What this task involves — Below this line are records; transcribe exactly the lines between the one holding "Fram till 31" and the one holding "Следующий слой натертой", inclusive, and omit the pictures.

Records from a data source
== Segment start ==
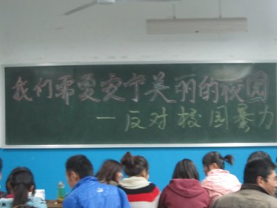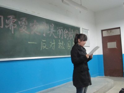 刘盼:同学们,小时候读三字经,书中有:“为人子,方少时,亲师友,司礼仪”。朗朗上口的诗经不无道理。现在我们是新世纪的大学生,在国家、社会、家长、老师的关怀下成长。家庭为我们创造了上学的条件,学校尽力改善我们的学习生活状况。而在我们追求现代化教育时,言情、恐怖、枪械也充斥着我们的视野。许多电影电视中对于犯罪过程细节的描述成了不少青少年模仿的对象。一些同学随即各行其是,校园成为他们付诸实践的理想场所,校园不再安宁。此刻我们班级召开“我们需要安宁美丽的校园------反对校园暴力”主题班会。
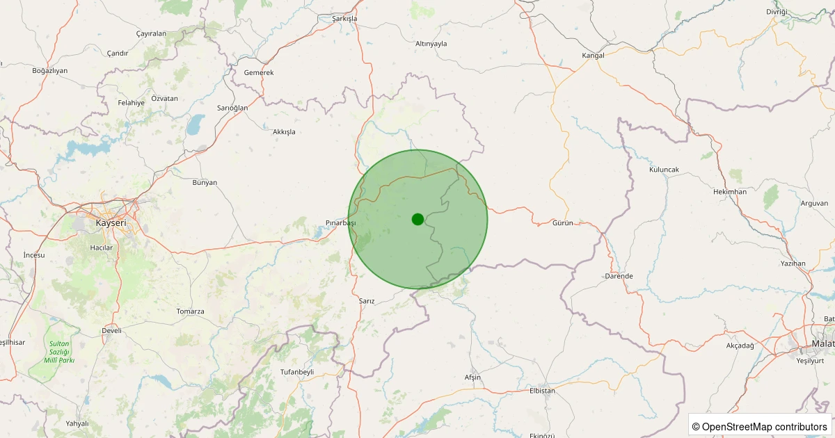 Son 7 gün içinde Pınarbaşı - Eskiyassıpınar Köyü noktasından 100 km yarıçap içerisinde meydana gelen diğer depremler:
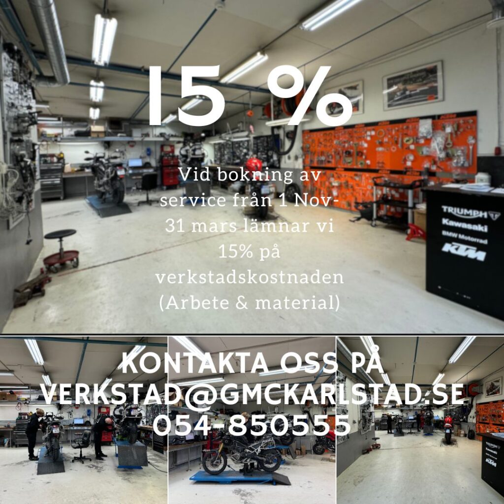 Fram till 31 mars lämnar vi 15% på verkstadskostnaden. Vi är auktoriserade för KTM, Husqvarna, Triumph & Kawasaki Men vi har även möjlighet att serva de flesta andra märken samt även service av fjädring. Kontakta oss för att boka verkstad@gmckarlstad.se 054-850 555
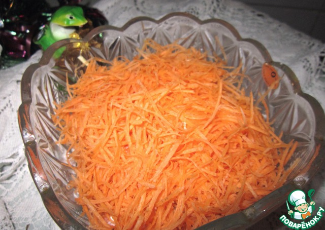 Следующий слой натертой на "корейской" терке моркови. И снова майонез. Много майонеза не надо, достаточно тонкого слоя.
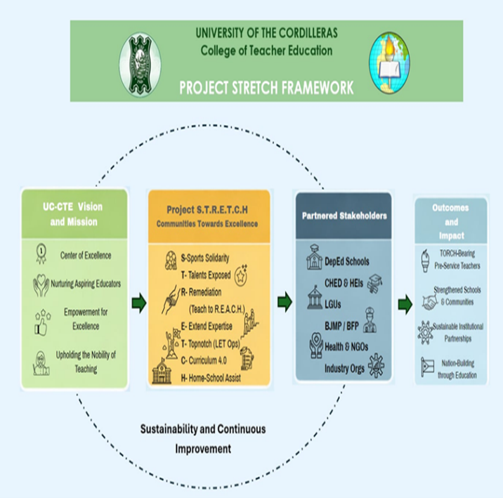 The Project S.T.R.E.T.C.H. Framework of the University of the Cordilleras – College of Teacher Education operationalizes its Vision and Mission by translating its commitment to excellence and service into structured, sustainable institutional linkages. Anchored on the development of a Center of Excellence and the formation of empowered, competent educators, the framework integrates initiatives such as remediation, talent development, LET support, curriculum innovation, and home-school engagement. These programs are implemented through strategic partnerships with various government agencies, NGOs, and industry stakeholders to ensure relevance and shared accountability. The framework generates measurable outcomes, including TORCH-bearing pre-service teachers, strengthened schools and communities, and sustained collaborative networks. Guided by quality assurance principles and continuous improvement, Project S.T.R.E.T.C.H. aligns extension and instructional initiatives with accreditation standards and institutional performance goals.
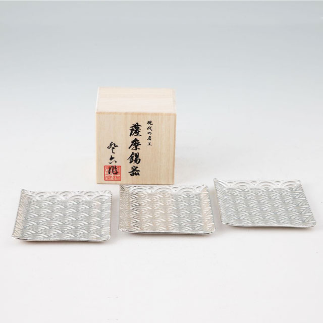 薩摩錫器 錫 切子小皿角型 青海波 3枚セット 2010-2-3 薩摩錫器工芸館 代引不可
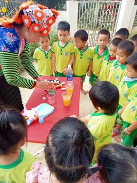 Hình ảnh giáo viên Quàng Thị Hồng lớp nhà trẻ A1 trung tâm trong giờ dạo chơi ngoài trời
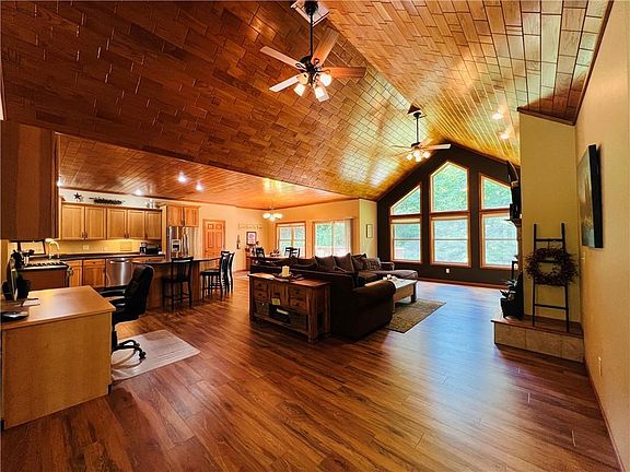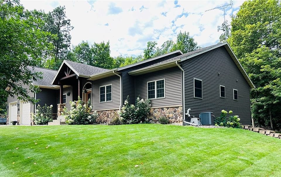 "Discover this custom-built, one-owner home in a highly desirable Barron location within walking distance to the High School, Barron Area Community Center and Hospital! Built in 2009, this stunning home offers over 4,300 sq. ft. of finished living space, nestled on a double lot surrounded by trees for ultimate privacy. The main level features a sprawling open-concept living area with vaulted wood ceilings, a cozy gas fireplace, and a seamless flow into the kitchen and dining area—perfect for entertaining. A spacious main-floor laundry room with built-in cabinets adds convenience. The lower level has 9' ceilings and it is an entertainer's dream with a massive family room, rec room, bar area, plus a 4th bedroom and bath. Enjoy the attached 1,000+ sq. ft. garage with a rear overhead door for easy backyard access. Just a short walk to local amenities!"
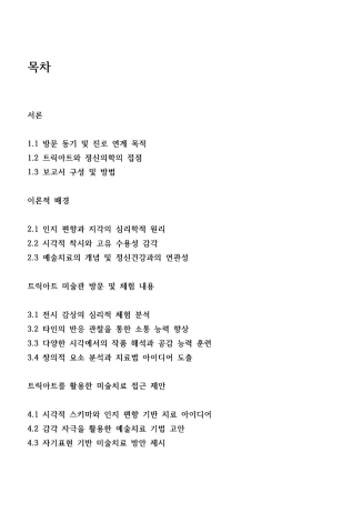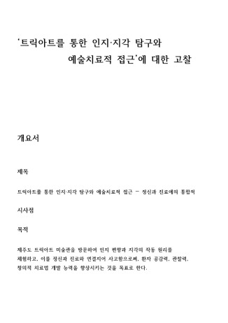 단순한 전시 관람이 아닌, ‘트릭아트’라는 시각 예술을 통해 인지 심리학, 감각 통합, 공감 능력, 예술치료의 임상 적용 가능성까지 탐구한 자기 주도적 활동 결과물입니다.
== Segment end ==
Solved exercise —
 Fram till 31 mars lämnar vi 15% på verkstadskostnaden. Vi är auktoriserade för KTM, Husqvarna, Triumph & Kawasaki Men vi har även möjlighet att serva de flesta andra märken samt även service av fjädring. Kontakta oss för att boka verkstad@gmckarlstad.se 054-850 555
 Следующий слой натертой на "корейской" терке моркови. И снова майонез. Много майонеза не надо, достаточно тонкого слоя.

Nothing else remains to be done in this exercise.